Sticky Tamarind Pork Hock with Pineapple Apple Salsa and Banh Tieu

Serves 4
  • Steps
  • Ingredients


  • For the Red Braising Stock, combine stock/water, shaoxing, soy sauces, sugar, garlic, ginger, spring onion, sesame oil, spices and mandarin peel in a large saucepan over high heat and bring to the boil. Reduce to medium heat and simmer for 20 minutes.
  • For the Pork Hocks, place hocks in the pressure cooker. Strain Red Braising Stock through a sieve into the pressure cooker, discarding the aromats. Place pressure cooker on a high heat setting for 45 minutes or until pork is tender and almost falling off the bone.
  • Remove hocks from the stock and place onto a wire rack set over a tray and cool in the fridge overnight. Reserve the stock for use in other recipes.
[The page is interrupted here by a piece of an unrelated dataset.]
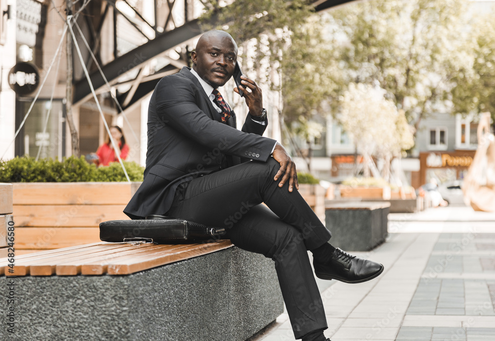 Portrait of a black African American businessman in a suit sits on a bench in a city park outdoors.

  • For the Banh Tieu, combine yeast and warm water in a small bowl and briefly mix. Add sugar, stir and set aside for 10 minutes.
  • In the bowl of a stand mixer fitted with a dough hook, sift flour, sugar, salt and baking powder. Whilst hook is moving, gradually add yeast mixture and water and knead until the dough comes together, pulling cleanly away from the sides of the bowl.
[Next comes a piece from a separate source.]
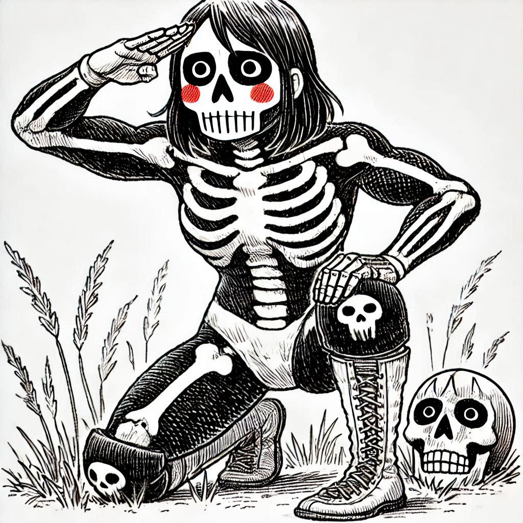 荒木飛呂彦風の漫画ラフ画、女性レスラー、スケルトンタイツ、ドクロマーク、レスラーマスク、覆面レスラー、覆面マスク、敬礼立ち、頬が赤丸ほっぺた、困った顔のタレ眉、眉毛が垂れ下がっている、ホッペタが赤くて丸い、ほっぺたレッド、眉毛が極太、ゲジゲジ眉毛、太い眉毛、ブリアナギガンテ、ほぼ黒目、全身、レスラーブーツ、フルボディ、草原で、1人ぼっち、水彩カラー、

  • Transfer the dough to a greased bowl, cover with plastic wrap and place in a warm place for two hours or until doubled in size.
  • Meanwhile, for the Tamarind Caramel, combine palm sugar, tamarind pulp and soaking water, chilli, kaffir lime leaves, water and fish sauce in a medium saucepan over medium heat. Simmer for 20 minutes or until the liquid has reduced to a thick caramel. Remove saucepan from the heat, strain caramel through a fine sieve into a bowl and set aside.
  • Meanwhile, for the Nuoc Mam, combine sugar and hot water in a small bowl and stir to dissolve. Add fish sauce, vinegar, garlic and chilli and stir. Set aside.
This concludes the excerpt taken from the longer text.